- _TASK_
Transcribe the records that follow exactly. Skip the pictures.

**** PROVIDED DATA

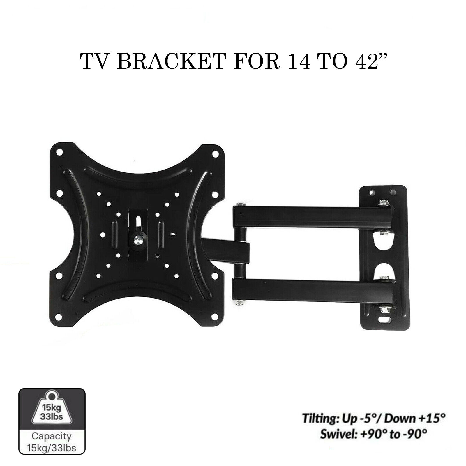 TV WALL BRACKET MOUNT 14-27" SWIVEL & TILT FULL MOTION FOR LED PLASMA TELEVISION
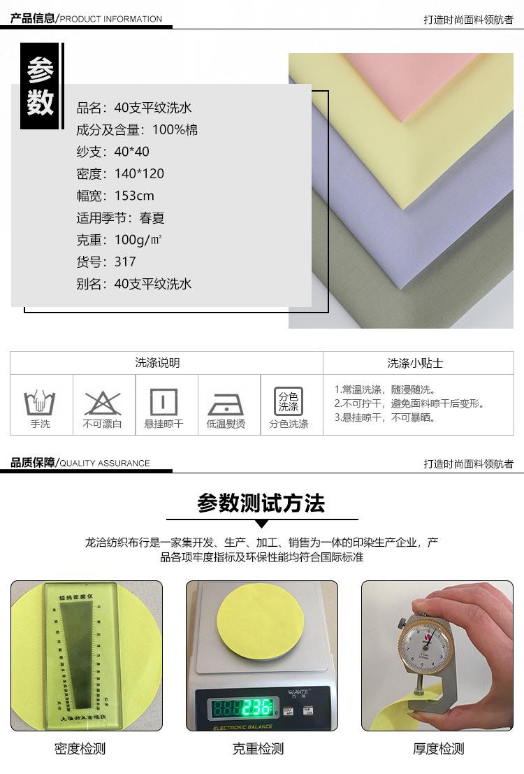 Tela de Camisa Popelina de Alta Densidad de 40 Hilos 133*100 Popelina Lisa Tela de Vestido de Algodón Lavado
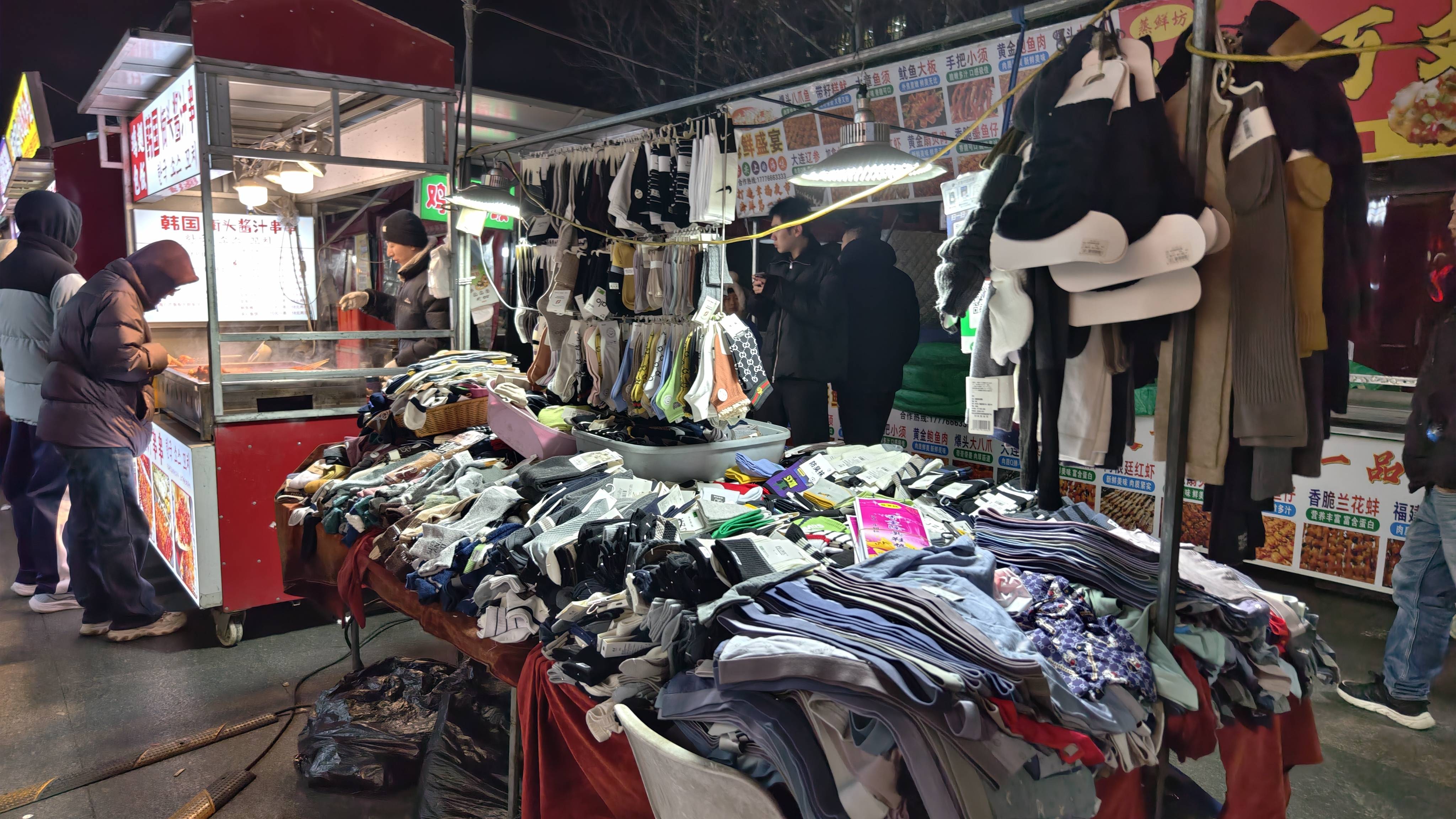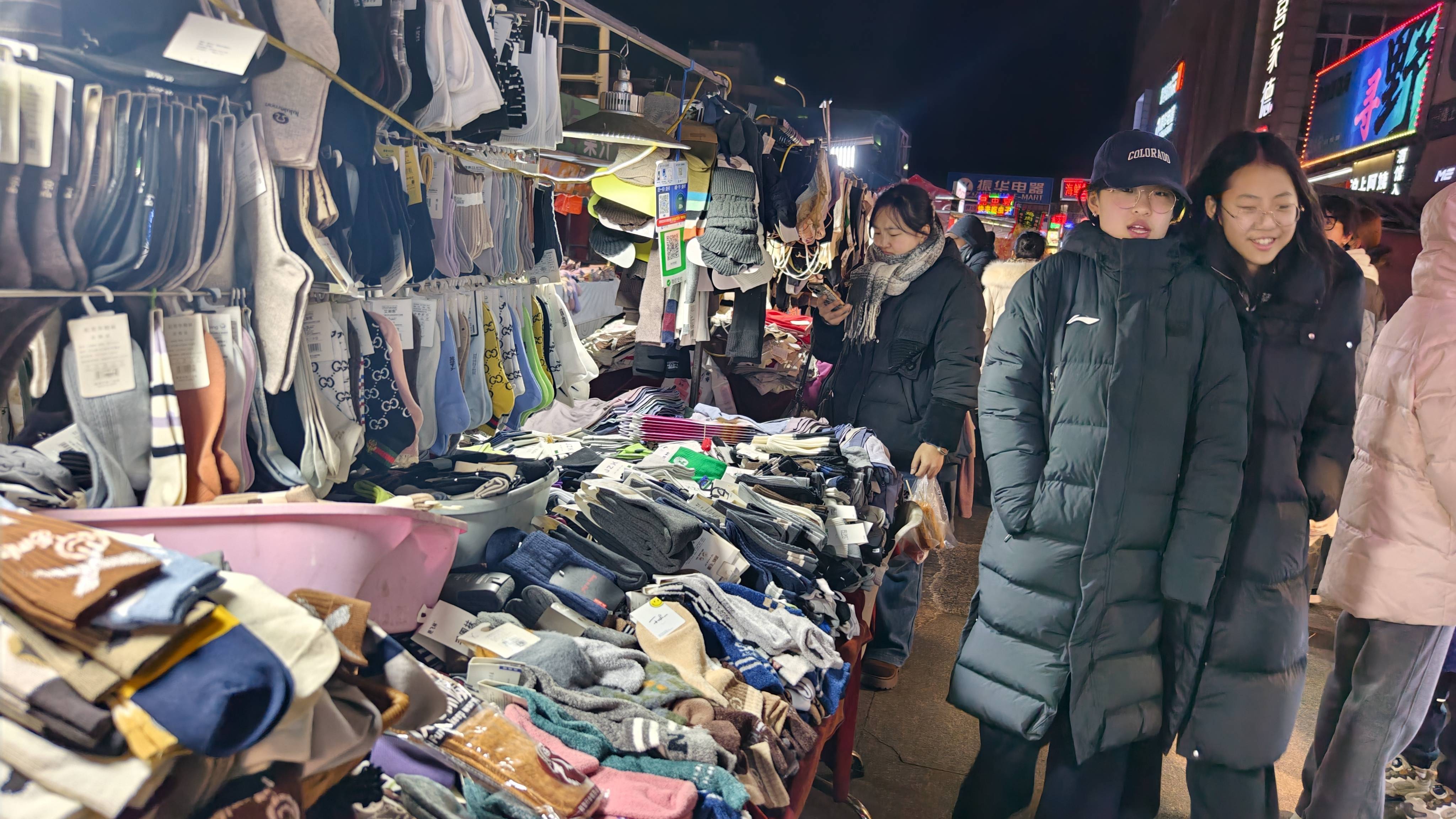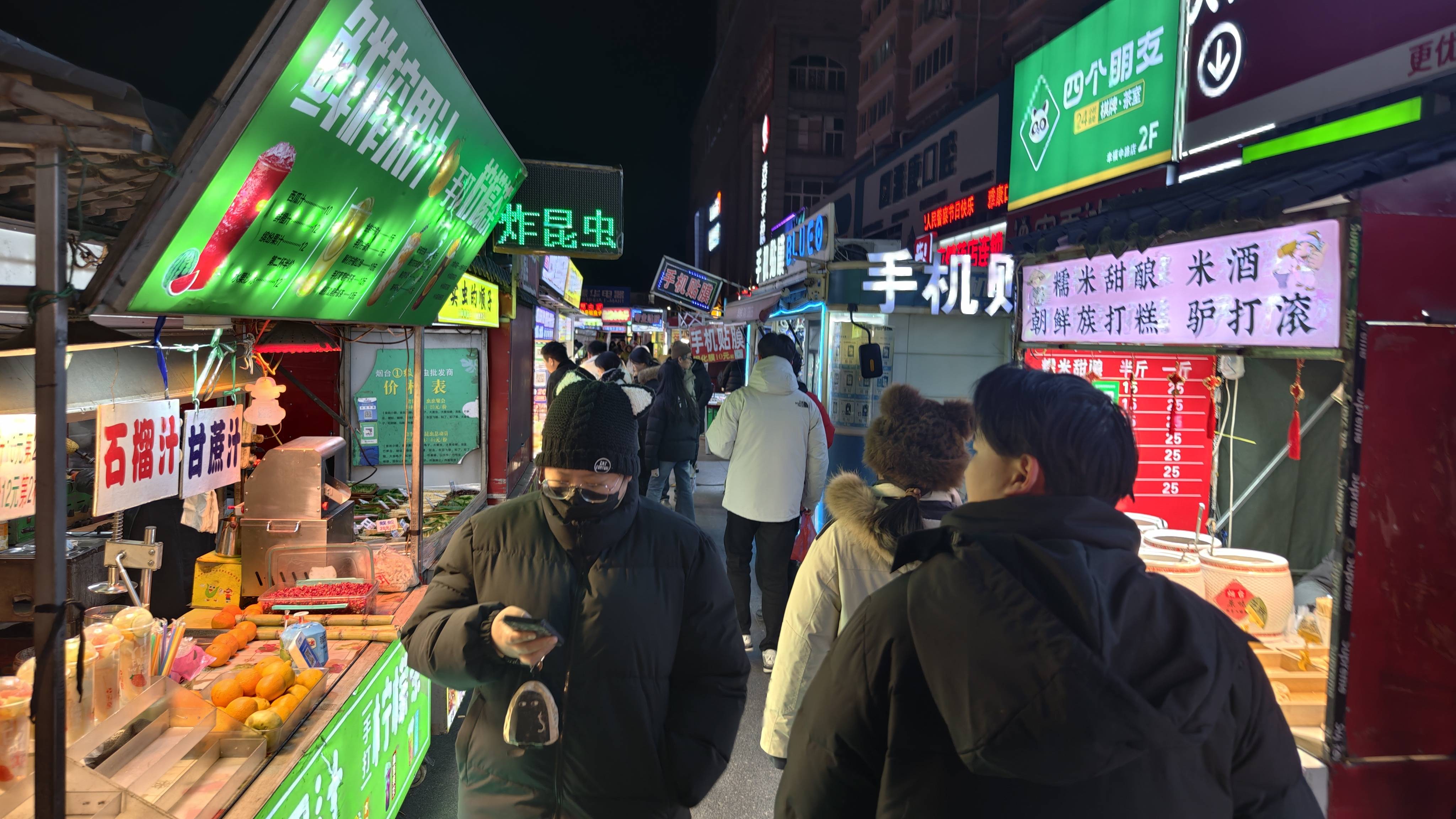 “臭豆腐两份,微辣!”“烤玉米好了,小心烫!”摊主们忙碌的身影在蒸腾的热气中若隐若现。虽然温度已降至零下,但这里的烟火气却丝毫未减。晚上接近十点,人流依旧络绎不绝,这样的热闹到了周末能持续到深夜十一点。
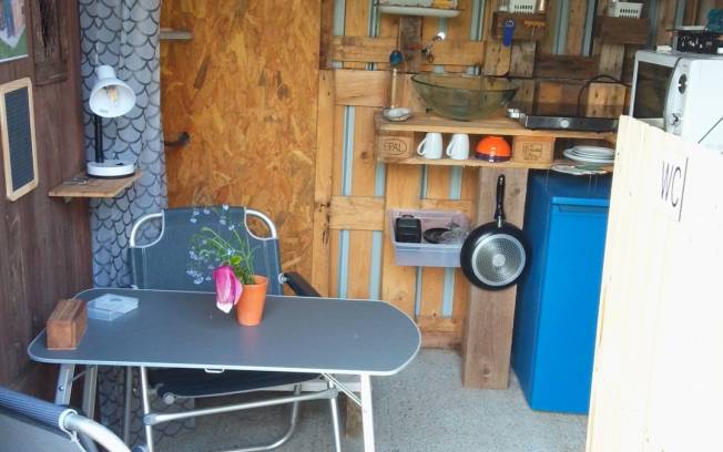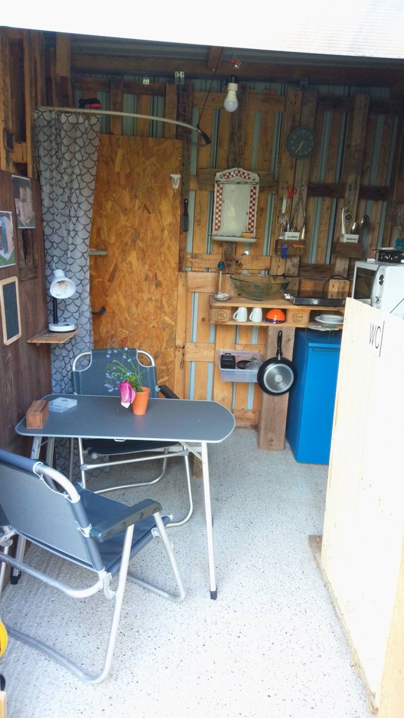 Services inclus dans le prix: eau, douche (eau chaude), électricité, pose d'une tente, accès à la cabane (frigo, plaques de cuisson, micro ondes, cafetière avec café, évier), barbecue, WC sans eau à disposition.
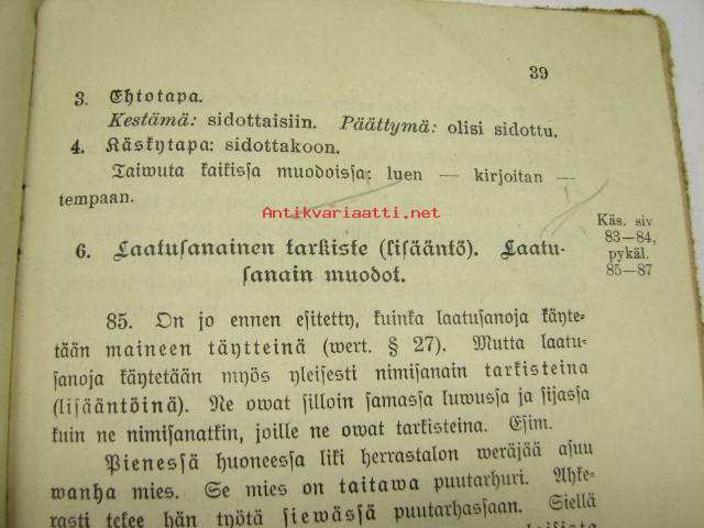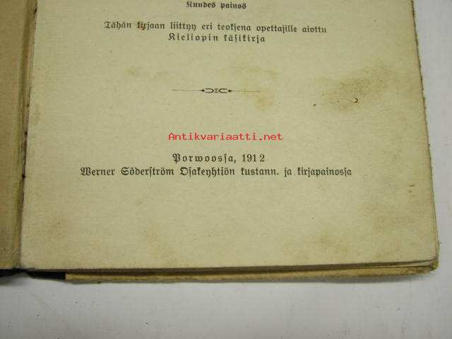 | Saatavilla | 1 kpl | | Julkaisuvuosi | 1912 | | Sivuja | 49 | | Painos | 6. | | Kunto | K2 | | Kulunut | | Sidonta/painoasu | Sidottu (kovak.) | | Kielet | Suomi |

********

- _RESULT FOR THIS EXERCISE_
 TV WALL BRACKET MOUNT 14-27" SWIVEL & TILT FULL MOTION FOR LED PLASMA TELEVISION
 Tela de Camisa Popelina de Alta Densidad de 40 Hilos 133*100 Popelina Lisa Tela de Vestido de Algodón Lavado
 “臭豆腐两份,微辣!”“烤玉米好了,小心烫!”摊主们忙碌的身影在蒸腾的热气中若隐若现。虽然温度已降至零下,但这里的烟火气却丝毫未减。晚上接近十点,人流依旧络绎不绝,这样的热闹到了周末能持续到深夜十一点。
 Services inclus dans le prix: eau, douche (eau chaude), électricité, pose d'une tente, accès à la cabane (frigo, plaques de cuisson, micro ondes, cafetière avec café, évier), barbecue, WC sans eau à disposition.
 | Saatavilla | 1 kpl | | Julkaisuvuosi | 1912 | | Sivuja | 49 | | Painos | 6. | | Kunto | K2 | | Kulunut | | Sidonta/painoasu | Sidottu (kovak.) | | Kielet | Suomi |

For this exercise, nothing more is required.